Look in the material below for the line with "10/11まで★ 店内SALE 送料無料" and the line with "Google Play 游戏下载榜。", then set down exactly those two lines and all lines between, nothing more.

● GIVEN RECORDS:
---
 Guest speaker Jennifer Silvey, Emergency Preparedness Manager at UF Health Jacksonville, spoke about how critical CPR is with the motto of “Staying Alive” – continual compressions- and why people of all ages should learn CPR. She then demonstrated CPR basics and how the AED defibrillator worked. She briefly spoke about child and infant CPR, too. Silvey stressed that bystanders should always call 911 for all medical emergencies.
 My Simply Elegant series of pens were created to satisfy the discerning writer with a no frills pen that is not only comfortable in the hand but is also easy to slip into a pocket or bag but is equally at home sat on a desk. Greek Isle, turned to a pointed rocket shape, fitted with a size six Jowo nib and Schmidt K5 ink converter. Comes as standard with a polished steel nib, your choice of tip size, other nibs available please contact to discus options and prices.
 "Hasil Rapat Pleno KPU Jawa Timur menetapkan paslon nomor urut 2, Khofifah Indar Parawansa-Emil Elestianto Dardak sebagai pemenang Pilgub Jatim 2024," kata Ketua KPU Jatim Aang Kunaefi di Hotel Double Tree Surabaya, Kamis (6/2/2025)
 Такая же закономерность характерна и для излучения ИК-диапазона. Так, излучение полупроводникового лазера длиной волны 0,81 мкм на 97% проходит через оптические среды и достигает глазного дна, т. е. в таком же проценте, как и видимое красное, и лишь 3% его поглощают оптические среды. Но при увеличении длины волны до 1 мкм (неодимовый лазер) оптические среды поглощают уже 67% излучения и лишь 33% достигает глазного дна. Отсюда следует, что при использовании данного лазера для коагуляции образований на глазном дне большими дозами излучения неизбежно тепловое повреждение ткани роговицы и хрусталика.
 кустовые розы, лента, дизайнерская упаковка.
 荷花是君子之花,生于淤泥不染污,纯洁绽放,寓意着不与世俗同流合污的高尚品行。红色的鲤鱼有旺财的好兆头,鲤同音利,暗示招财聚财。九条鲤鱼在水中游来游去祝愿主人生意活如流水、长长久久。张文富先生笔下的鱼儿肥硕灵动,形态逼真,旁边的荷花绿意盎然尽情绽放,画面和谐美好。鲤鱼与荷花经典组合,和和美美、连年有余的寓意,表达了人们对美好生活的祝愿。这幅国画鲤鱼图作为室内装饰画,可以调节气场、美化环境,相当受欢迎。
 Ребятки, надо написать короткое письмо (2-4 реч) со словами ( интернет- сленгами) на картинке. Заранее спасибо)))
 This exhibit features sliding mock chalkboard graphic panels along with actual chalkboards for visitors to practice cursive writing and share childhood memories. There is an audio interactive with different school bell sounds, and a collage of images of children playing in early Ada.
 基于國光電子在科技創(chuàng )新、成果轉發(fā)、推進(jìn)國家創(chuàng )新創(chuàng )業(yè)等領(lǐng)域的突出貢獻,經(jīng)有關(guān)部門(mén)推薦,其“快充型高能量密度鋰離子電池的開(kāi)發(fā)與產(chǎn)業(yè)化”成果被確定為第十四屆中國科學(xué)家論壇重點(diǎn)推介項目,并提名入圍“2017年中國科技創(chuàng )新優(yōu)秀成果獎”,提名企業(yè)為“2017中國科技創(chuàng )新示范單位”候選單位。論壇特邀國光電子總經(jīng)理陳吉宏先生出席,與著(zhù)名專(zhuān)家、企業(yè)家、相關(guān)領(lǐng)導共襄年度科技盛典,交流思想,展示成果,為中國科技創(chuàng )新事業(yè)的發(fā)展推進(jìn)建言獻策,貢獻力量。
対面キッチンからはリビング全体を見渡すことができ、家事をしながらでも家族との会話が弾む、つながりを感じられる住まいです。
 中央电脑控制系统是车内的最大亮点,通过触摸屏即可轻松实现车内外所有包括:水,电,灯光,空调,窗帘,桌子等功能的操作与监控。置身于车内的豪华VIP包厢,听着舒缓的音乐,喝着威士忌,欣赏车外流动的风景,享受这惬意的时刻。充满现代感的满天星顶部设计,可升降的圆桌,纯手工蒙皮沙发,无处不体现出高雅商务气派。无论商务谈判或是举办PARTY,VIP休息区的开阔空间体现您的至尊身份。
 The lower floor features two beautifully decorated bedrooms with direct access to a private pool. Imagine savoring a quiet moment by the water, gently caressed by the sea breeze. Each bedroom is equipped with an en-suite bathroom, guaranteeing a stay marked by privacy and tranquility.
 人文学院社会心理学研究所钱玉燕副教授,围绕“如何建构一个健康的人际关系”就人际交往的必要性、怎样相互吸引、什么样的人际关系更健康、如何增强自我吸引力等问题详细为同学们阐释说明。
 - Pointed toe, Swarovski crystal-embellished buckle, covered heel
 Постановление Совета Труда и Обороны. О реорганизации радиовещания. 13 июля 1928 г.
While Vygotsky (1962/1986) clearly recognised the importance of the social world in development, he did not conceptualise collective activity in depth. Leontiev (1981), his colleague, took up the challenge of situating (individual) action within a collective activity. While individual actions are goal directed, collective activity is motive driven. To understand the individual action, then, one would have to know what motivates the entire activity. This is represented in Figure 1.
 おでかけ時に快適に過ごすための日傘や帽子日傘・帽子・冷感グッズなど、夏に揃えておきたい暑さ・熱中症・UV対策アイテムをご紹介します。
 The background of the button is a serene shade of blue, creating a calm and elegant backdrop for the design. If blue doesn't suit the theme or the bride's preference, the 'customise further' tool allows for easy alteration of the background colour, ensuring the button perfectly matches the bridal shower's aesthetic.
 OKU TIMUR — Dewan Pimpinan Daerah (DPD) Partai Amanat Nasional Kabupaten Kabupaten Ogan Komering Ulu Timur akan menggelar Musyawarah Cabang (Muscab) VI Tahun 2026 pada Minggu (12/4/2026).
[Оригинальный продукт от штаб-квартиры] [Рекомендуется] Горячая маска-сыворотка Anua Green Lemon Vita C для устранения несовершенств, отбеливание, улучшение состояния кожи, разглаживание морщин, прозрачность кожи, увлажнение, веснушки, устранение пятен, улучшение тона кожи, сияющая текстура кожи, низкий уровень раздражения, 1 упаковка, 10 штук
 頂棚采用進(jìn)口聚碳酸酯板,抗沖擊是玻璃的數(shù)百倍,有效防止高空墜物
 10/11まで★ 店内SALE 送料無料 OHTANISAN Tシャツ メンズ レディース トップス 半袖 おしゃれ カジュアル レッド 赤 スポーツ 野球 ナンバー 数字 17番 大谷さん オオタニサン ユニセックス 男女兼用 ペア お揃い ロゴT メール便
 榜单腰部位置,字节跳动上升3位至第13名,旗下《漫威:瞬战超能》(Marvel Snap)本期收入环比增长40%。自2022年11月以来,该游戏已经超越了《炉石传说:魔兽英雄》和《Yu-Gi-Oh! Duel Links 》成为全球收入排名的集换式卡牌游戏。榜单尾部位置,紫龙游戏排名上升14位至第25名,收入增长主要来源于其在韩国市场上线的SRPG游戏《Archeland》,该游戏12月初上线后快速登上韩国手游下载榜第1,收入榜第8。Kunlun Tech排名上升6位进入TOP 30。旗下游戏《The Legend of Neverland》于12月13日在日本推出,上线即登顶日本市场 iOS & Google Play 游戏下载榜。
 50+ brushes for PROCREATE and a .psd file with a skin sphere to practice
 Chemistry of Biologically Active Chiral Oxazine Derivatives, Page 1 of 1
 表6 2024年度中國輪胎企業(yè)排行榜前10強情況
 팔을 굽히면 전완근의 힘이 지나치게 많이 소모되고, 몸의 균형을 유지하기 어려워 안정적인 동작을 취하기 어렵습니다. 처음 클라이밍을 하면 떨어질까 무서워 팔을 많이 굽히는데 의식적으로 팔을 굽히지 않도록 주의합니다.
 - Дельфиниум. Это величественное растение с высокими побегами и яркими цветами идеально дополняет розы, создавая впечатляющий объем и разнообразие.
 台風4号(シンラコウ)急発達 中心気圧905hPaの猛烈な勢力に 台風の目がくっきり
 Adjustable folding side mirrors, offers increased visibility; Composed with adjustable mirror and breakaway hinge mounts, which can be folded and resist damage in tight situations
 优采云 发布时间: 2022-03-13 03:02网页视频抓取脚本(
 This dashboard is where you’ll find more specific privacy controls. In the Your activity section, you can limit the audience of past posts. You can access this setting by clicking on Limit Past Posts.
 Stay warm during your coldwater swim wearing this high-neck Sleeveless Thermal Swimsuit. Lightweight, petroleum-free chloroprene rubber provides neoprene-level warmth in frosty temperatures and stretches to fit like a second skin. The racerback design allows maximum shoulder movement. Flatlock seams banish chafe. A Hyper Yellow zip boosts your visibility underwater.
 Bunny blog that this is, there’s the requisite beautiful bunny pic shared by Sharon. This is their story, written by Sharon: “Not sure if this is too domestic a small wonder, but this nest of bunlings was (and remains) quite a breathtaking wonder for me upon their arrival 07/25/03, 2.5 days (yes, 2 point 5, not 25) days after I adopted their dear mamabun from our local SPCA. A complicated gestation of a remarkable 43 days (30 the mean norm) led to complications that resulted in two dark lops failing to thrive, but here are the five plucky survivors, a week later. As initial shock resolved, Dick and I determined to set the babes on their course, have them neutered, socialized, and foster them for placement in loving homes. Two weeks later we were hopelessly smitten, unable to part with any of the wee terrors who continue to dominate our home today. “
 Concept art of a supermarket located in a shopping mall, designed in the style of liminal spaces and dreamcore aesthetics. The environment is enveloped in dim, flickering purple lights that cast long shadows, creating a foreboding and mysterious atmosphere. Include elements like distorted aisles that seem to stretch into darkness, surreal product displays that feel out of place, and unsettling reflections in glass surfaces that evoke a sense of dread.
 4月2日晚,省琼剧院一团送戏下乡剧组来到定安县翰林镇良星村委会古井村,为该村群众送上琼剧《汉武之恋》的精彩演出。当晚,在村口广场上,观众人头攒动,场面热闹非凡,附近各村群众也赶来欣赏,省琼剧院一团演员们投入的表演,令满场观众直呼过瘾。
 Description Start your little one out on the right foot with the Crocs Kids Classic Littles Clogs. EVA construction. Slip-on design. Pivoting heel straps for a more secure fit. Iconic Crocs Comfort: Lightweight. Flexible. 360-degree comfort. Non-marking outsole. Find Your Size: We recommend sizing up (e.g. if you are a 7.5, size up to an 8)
---
● RESULT BELOW:
 10/11まで★ 店内SALE 送料無料 OHTANISAN Tシャツ メンズ レディース トップス 半袖 おしゃれ カジュアル レッド 赤 スポーツ 野球 ナンバー 数字 17番 大谷さん オオタニサン ユニセックス 男女兼用 ペア お揃い ロゴT メール便
 榜单腰部位置,字节跳动上升3位至第13名,旗下《漫威:瞬战超能》(Marvel Snap)本期收入环比增长40%。自2022年11月以来,该游戏已经超越了《炉石传说:魔兽英雄》和《Yu-Gi-Oh! Duel Links 》成为全球收入排名的集换式卡牌游戏。榜单尾部位置,紫龙游戏排名上升14位至第25名,收入增长主要来源于其在韩国市场上线的SRPG游戏《Archeland》,该游戏12月初上线后快速登上韩国手游下载榜第1,收入榜第8。Kunlun Tech排名上升6位进入TOP 30。旗下游戏《The Legend of Neverland》于12月13日在日本推出,上线即登顶日本市场 iOS & Google Play 游戏下载榜。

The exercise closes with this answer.